Des artistes se lancent dans la lutte contre le changement climatique

Durée de lecture : 7 minutes

10 décembre 2014 / Pascale Solana (Reporterre)

Miser sur des artistes et des entrepreneurs, parmi les plus créatifs et les plus innovants, les réunir afin qu’ils inventent des actions inattendues et marquantes pour influer sur le public et les négociateurs, c’est le pari de Art of Change. Pour que la COP 21 ne soit pas une conférence climat de plus, sans rien après…


Vingt-et-un artistes et entrepreneurs enfermés pendant deux jours pour le climat et réunis en conclave ! C’est la première étape d’une action d’envergure internationale qui s’est déroulée à la Gaité lyrique à Paris les 28 et 29 novembre. Son but est de marquer les esprits, sensibiliser le plus grand nombre, le public mais aussi les négociateurs, aux enjeux de la COP 21, conférence internationale sur le climat qui a lieu à Paris fin 2015. Et de déboucher sur des engagements.
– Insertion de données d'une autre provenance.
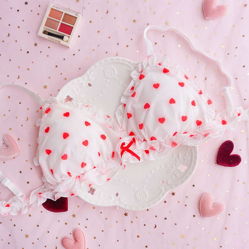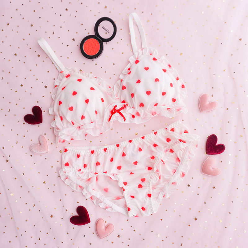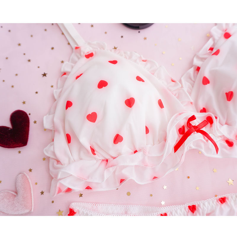 Любовь нижнее белье головокружение без Стальное кольцо треугольник Кубок молока Silk милая печать удобное персиковое сердце комплект нижнее белье

« L’idée de départ était : comment changer la façon dont on aborde les conférences climatiques, trouver d’autres formes de mobilisation », explique l’artiste Alice Audouin fondatrice de Art of Change 21, association créée en 2014 qui se veut « art du changement » et qui aborde les grands enjeux du 21e siècle, via l’art contemporain. L’association est parrainée par l’artiste Olafur Eliasson et l’entrepreneur Tristan Lecomte. L’engagement écologiste de celui-ci est cependant contestée par Les Amis de la Terre, qui l’ont nominé à leur prix Pinocchio.

Vers l’ère post carbone

Pour ce Conclave des 21, des personnalités, les meilleures ou les plus innovantes de leur catégorie et ayant des compétences différentes, ont été recherchées par l’association et son comité d’experts parmi lesquels Paul Ardenne, critique d’art, et Mathieu Baudin, créateur de l’Institut des futurs souhaitables.

Quant à l’âge des participants, même si les moins de vingt-huit ans sont très représentés, l’hétérogénéité a présidé le choix : « Nous les avons aussi sollicités en tenant compte du rôle ou de l’engagement de leur pays sur la problématique du changement climatique, comme le Brésil, la Chine, ou le Canada dont les positions sont ambivalentes, ou encore l’Australie qui est en train d’évoluer, ou l’Afrique ».

Volontairement « hétéroclite, iconoclaste, intergénérationnel, multiculturel », branché sur « le monde post-carbone qu’il ne faut pas craindre », tel est donc le groupe qui a planché pendant deux jours en huis clos pour trouver des idées de projets vraiment percutantes.

Plutôt que d’inciter chacun à travailler sur un concept puis de présenter les réalisations juxtaposées, la démarche a été de rechercher ce que l’on « peut apprendre d’un processus de co-création », « comment faire ensemble ? ».

« C’est un processus qui est plus facile aujourd’hui pour la génération digitale, plus habituée à partager la création que la nôtre, celle des anciens », poursuit Alice Audouin. « On a conjugué la complémentarité dans tous les sens pour trouver sur une action qui touche à la fois l’univers de l’art, du numérique, et tous les publics, même les négociateurs, les jeunes et les anciens, et qui soit internationale… » A l’image de l’enjeu planétaire du climat !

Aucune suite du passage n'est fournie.